Metabolic engineering of S. cerevisiae for the production of flavonoids

Sammanfattning: The interest in the production of natural products such as flavonoids has been increasing during the last decade. Flavonoids have several attractive bioactivities including antitumoral, antioxidant or antimicrobial properties. To produce these high-value products, we usually recur to chemical synthesis or plant extraction. However, these two options are costly and not environmentally friendly, and microbial production is therefore preferred. S. cerevisiae is a thoroughly characterized model organism with a wide range of available tools for engineering, making it an ideal organism for this challenge.   The aim of this thesis was to apply different strategies to engineer S.  cerevisiae to establish and optimize the production of the flavonoids pinocembrin and naringenin, and their derivatives. Different approaches were used: different heterologous genes were screened, their copy number was increased to achieve the highest production, the competing pathways were eliminated, and the precursors availability was increased. Furthermore, the bottlenecks of the pathways were identified.

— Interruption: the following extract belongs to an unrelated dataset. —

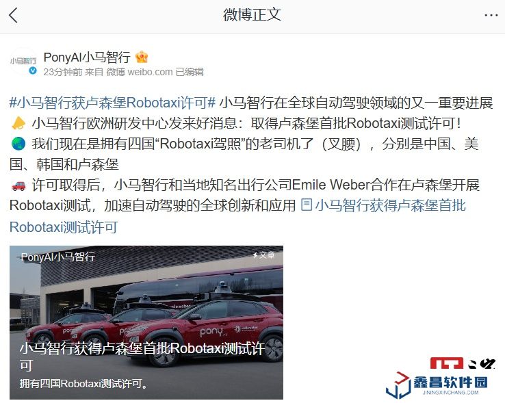 本站 4 月 3 日消息,小馬智行今日宣布獲得由盧森堡交通與公共工程部(Luxembourg"s Ministry of Mobility and Public Works)頒發(fā)的 Robotaxi 測試許可,成為首批獲準在當?shù)亻_展路測的企業(yè)。

For pinocembrin production, I established that the accumulation of the toxic intermediate cinnamic acid limits production. Therefore, the transcriptional changes that S. cerevisiae undergoes under aromatic acid stress were investigated. My findings indicate that by employing transcription factor engineering it is possible to develop strains that are tolerant to aromatic compounds that can be utilized for the production of valuable natural products. When analysing the naringenin biosynthetic pathway it was found that the distribution of the pathway intermediates in the cell is a major issue. The spatiotemporal distribution of p-coumaric acid (a key pathway intermediate) and naringenin was assessed and it was determined that p-coumaric acid accumulates extracellularly and cannot be fully utilized. Therefore, a dual dynamic control system that combines a malonyl-CoA biosensor regulator and an RNAi strategy was established, to autonomously control the synthesis of p-coumaric acid and downregulate the fatty acid pathways that compete directly for the precursor malonyl-CoA. Finally, the production of naringenin and pinocembrin derivatives was established including kaempferol, quercetin and baicalein which present valuable bioactivities.   Overall, this thesis employs diverse strategies for constructing and optimizing yeast factories for flavonoid production.